First, boot to an Ubuntu install disk and start the installation like normal. When you get to the “Installation type” screen, choose “Something else”.

Delete all the partitions you already have on your disk. Then select the free space and click the “+” to create Ubuntu’s plaintext /boot partition. Make the size 1024 MB, type “Primary”, location “Beginning of this space”, use as ext4, and set the mount point to /boot. Then click ok.
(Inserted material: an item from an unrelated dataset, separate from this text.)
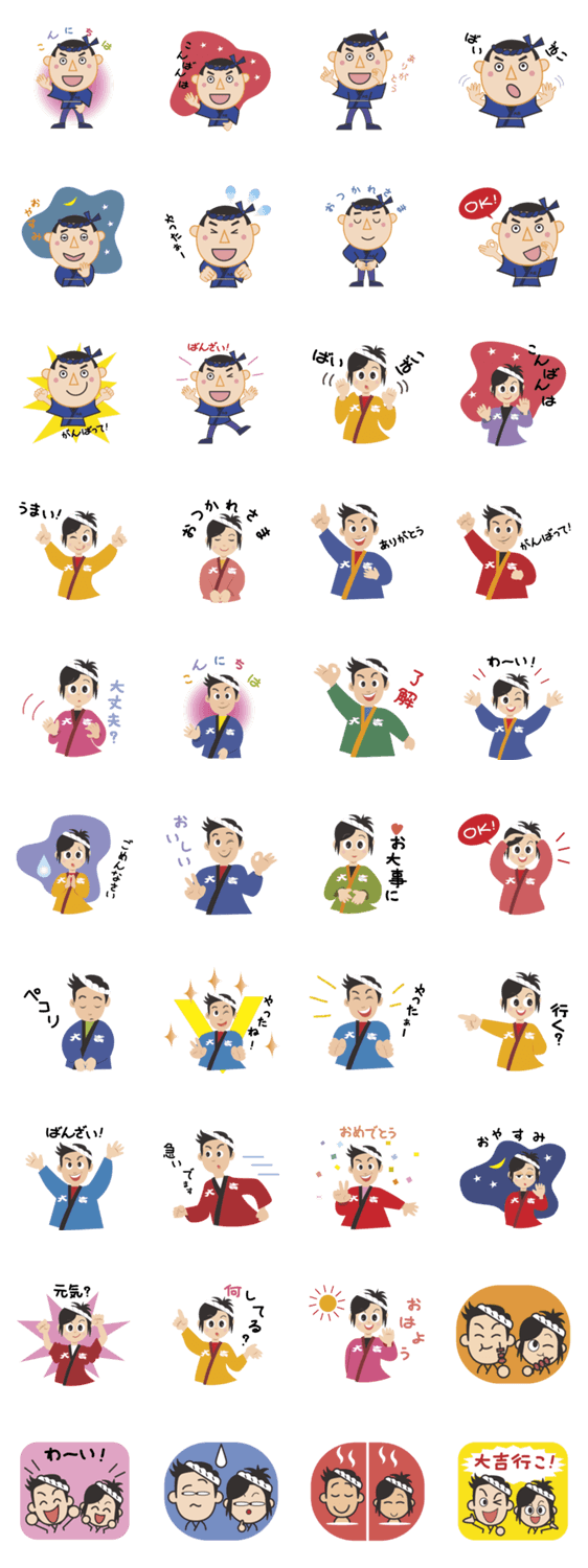 大吉くん DAIKICHI SYSTEM CO.,LTD コメントをどうぞ 「やきとり大吉」のキャラクター「大吉くん」と「つくねちゃん」がLINEに登場。スタンプを送って、友達に大吉をおすそ分け!? このスタンプどう思う?!↓クリックで投票♪好き (0)かわいい (0)かっこいい (0)おもしろい (0)使いやすそう (0)欲しい (0)萌え (0)ほっこりする (0)おしゃれ (0)ゆるい (0)こわい (0)ウザい (0)キモい (0)ムカつく (0)持ってる (0)癒される (0)セクシー (0)個性的 (0)私は買わない (0)誰かプレゼントして! (0) 購入・プレゼントする Facebookでシェア Twitterでシェア

Now click the free space again and click the “+” to create Ubuntu’s encrypted root partition. For me, I’m going to make my Ubuntu partition only 20 GB, leaving the rest of the space for Qubes. So for size, I’m using 20480 MB. Set type to “Primary” and location to “Beginning of this space”. For use as, choose “physical volume for encryption”, and enter the disk encryption passphrase you want to use for Ubuntu twice. When you’re done, click ok.

Now your partition table should look like this. In /dev/sda you’ll have sda1, which is /boot, and sda2, which is “unknown”, and then a bunch of free space. But above that you’ll have /dev/mapper/sda2_crypt, which contains your encrypted partition.

Click on /dev/mapper/sda2_crypt and click Change. You can keep use as as ext4, and then select / as the mount point, and click ok.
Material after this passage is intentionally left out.